I'm not a lawyer, but I'm working on it so I do read a lot of dense text. When
studying a complex subject, it's important to me to be able to jump back
several paragraphs - perhaps because I didn't fully understand something, or
to reconnect with a dangling open clause, or whatever. So I prefer to have
about the same amount of text on display as I would with a textbook or
reference work - otherwise I am doing a lot of paging back and forth with the
mouse or keyboard. This gets old fast - indeed, I find that I much prefer
sitting in the library with books for studying the fundamentals, and then
using the computer for specific targeted inquiries, such as the most current
regulation or a recently published opinion.

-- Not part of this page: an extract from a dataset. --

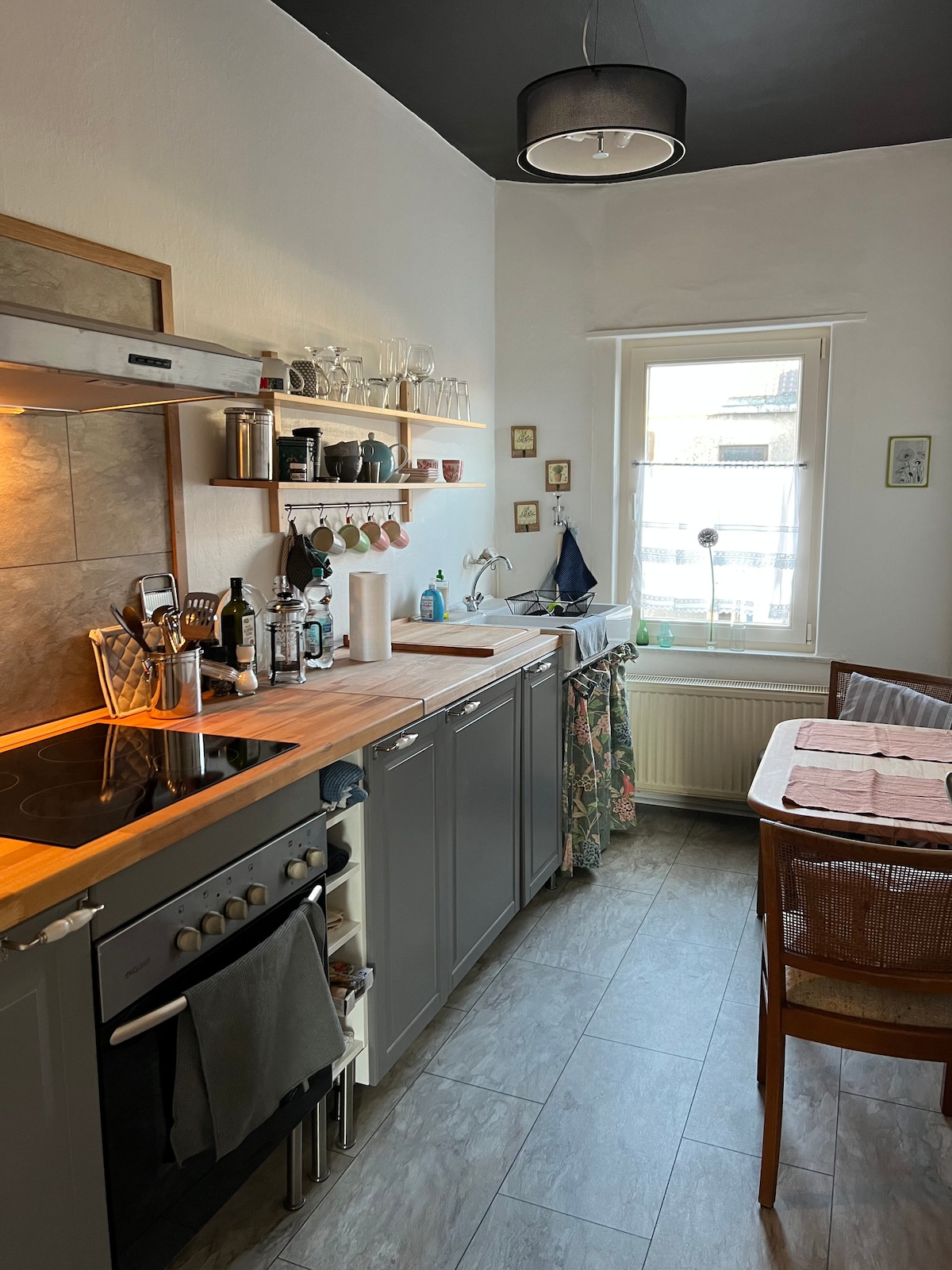 Bienvenue dans notre ferme au milieu de la nature. Notre appartement offre un charme particulier dans une vieille maçonnerie, mais est à l'intérieur sur une nouvelle construction. Tout est décoré dans un style maison de campagne confortable. Une cuisine avec 2 plaques de cuisson, évier, mini-four, gril de contact, réfrigérateur, cafetière et bouilloire offre tout ce dont vous avez besoin. Les draps, les serviettes, etc. sont fournis. Il est recommandé d'arriver en voiture, car l'arrêt le plus proche est à 1,3 km.

I find the same thing with web pages. So I reduced the text in your (very
interesting) notebook articles twice, in order to be be able to see more of it
at once. At the 20 point size you suggest I can't see more than about 150
words at once, and I feel like I'm looking at a Powerpoint slide. I look
forward to seeing your e-book, but hope you'll also make it available in a
more conventional layout for reactionary paginators like myself.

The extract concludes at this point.